Required work: If a line below falls between the line with "Z warsztatów skorzystało" and the line with "Abb 3 Nadelbaum-Hochwald", or is one of those two, output it exactly; output nothing else and no pictures.

Data section:
___

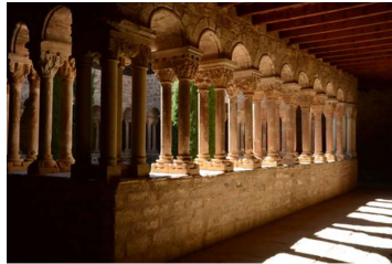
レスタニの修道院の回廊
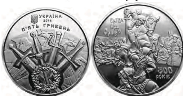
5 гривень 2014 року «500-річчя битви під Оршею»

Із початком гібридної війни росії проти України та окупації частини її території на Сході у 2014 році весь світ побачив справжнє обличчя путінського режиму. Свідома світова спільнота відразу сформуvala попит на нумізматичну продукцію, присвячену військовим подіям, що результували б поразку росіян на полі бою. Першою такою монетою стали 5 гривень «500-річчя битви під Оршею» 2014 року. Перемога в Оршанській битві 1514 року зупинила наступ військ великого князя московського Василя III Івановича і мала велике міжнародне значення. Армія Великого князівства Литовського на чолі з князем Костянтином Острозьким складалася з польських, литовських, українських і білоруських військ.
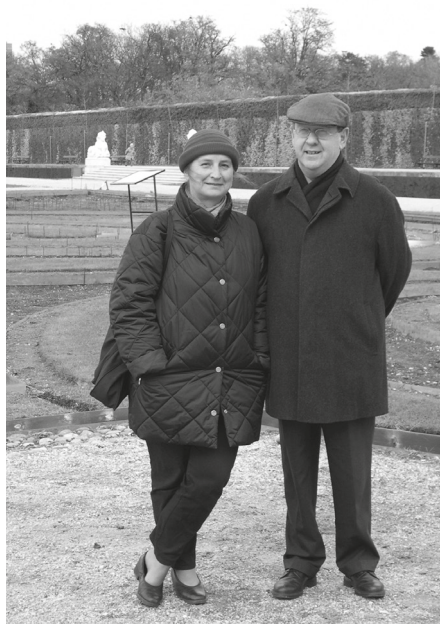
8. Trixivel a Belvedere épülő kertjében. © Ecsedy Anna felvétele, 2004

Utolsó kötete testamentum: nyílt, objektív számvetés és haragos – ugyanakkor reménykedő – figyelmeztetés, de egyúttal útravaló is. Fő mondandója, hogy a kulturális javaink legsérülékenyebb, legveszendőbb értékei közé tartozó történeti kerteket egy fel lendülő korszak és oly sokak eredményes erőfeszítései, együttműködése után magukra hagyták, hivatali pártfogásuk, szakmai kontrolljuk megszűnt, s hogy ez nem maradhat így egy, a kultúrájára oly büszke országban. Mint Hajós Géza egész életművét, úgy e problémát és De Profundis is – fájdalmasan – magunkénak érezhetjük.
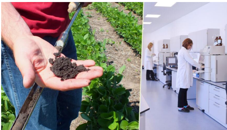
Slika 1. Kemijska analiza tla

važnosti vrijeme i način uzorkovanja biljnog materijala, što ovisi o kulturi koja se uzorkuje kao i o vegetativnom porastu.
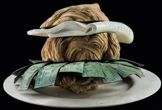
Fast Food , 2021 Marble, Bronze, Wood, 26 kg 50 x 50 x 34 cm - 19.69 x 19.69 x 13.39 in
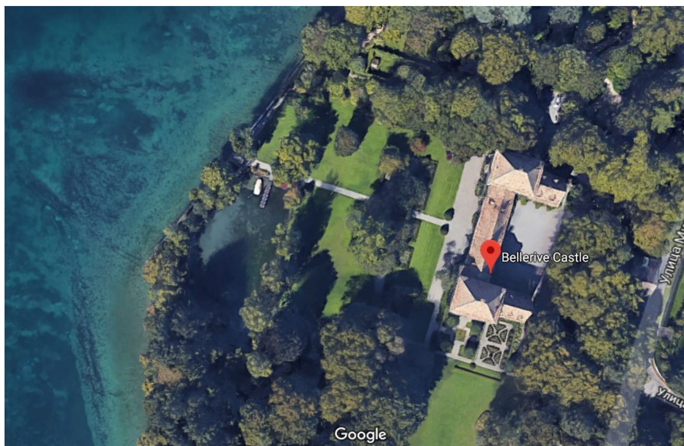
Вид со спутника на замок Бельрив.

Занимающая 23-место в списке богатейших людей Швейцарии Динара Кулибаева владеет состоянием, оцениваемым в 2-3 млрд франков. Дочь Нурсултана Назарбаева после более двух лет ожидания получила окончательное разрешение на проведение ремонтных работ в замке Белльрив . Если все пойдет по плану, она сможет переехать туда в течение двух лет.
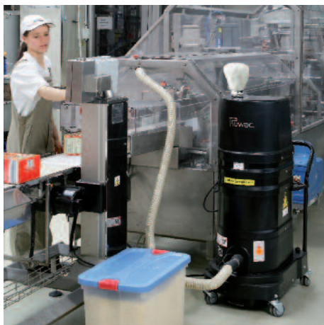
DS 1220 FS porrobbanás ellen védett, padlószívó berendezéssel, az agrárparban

___

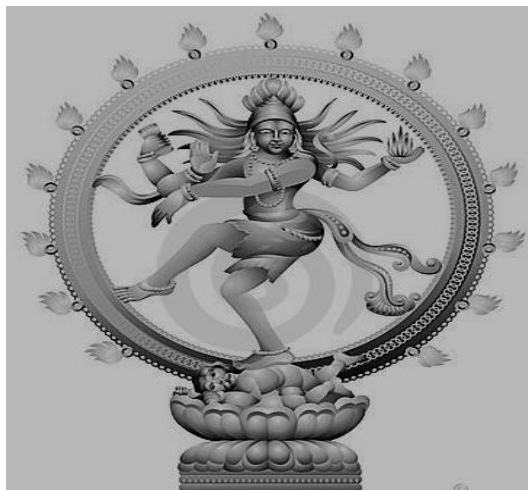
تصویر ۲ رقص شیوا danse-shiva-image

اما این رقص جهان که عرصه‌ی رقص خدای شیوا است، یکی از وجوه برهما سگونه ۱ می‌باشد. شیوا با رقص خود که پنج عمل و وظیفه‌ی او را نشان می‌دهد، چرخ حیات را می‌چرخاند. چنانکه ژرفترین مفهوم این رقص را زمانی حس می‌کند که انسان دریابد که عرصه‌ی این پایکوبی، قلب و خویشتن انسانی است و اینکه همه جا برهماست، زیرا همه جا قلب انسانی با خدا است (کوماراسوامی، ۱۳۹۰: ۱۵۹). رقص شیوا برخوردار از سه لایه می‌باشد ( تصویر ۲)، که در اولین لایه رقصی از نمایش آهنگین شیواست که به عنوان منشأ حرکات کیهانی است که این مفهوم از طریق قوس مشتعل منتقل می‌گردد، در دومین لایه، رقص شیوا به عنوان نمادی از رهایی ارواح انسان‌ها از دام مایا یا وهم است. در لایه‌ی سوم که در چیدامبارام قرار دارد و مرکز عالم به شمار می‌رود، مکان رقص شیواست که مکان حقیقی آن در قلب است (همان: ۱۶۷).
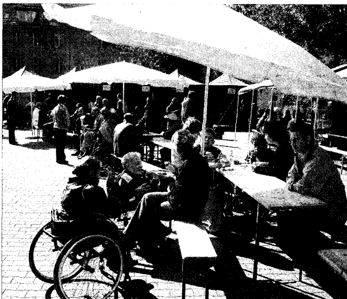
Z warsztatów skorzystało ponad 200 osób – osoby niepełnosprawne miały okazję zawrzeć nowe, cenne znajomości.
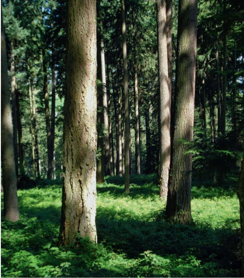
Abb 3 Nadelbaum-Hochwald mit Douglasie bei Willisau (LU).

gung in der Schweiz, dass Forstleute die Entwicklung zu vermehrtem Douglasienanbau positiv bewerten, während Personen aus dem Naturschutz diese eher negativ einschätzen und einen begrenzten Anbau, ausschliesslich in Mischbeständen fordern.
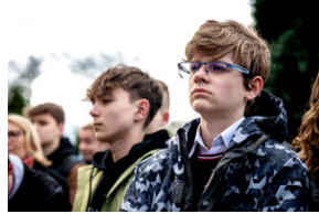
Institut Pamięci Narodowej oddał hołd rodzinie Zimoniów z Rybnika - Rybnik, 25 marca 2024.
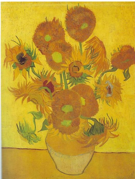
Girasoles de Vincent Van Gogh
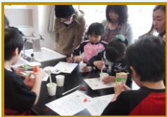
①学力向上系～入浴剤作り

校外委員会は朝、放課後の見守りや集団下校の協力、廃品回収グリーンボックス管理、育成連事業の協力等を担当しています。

___

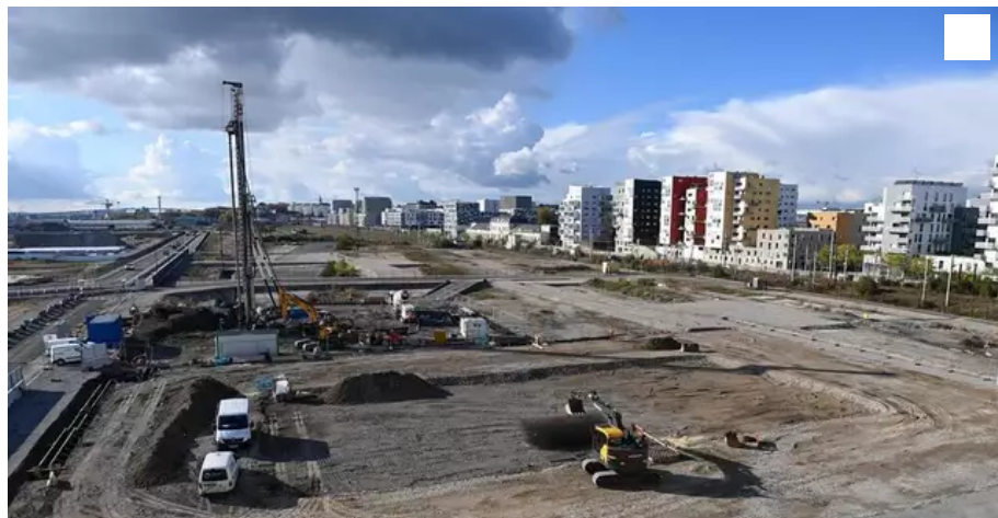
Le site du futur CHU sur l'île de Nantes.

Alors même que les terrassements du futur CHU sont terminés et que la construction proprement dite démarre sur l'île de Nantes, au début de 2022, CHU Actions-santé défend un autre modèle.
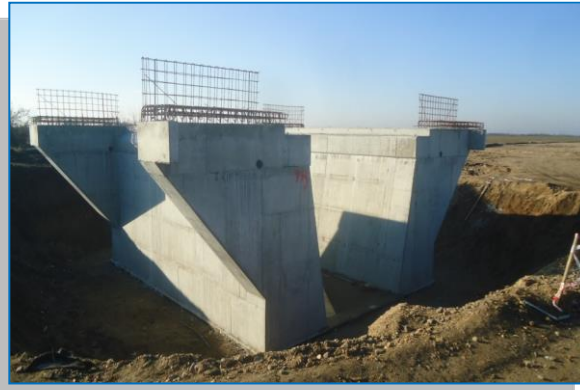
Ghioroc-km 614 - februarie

___

Response below:
Z warsztatów skorzystało ponad 200 osób – osoby niepełnosprawne miały okazję zawrzeć nowe, cenne znajomości.
Abb 3 Nadelbaum-Hochwald mit Douglasie bei Willisau (LU).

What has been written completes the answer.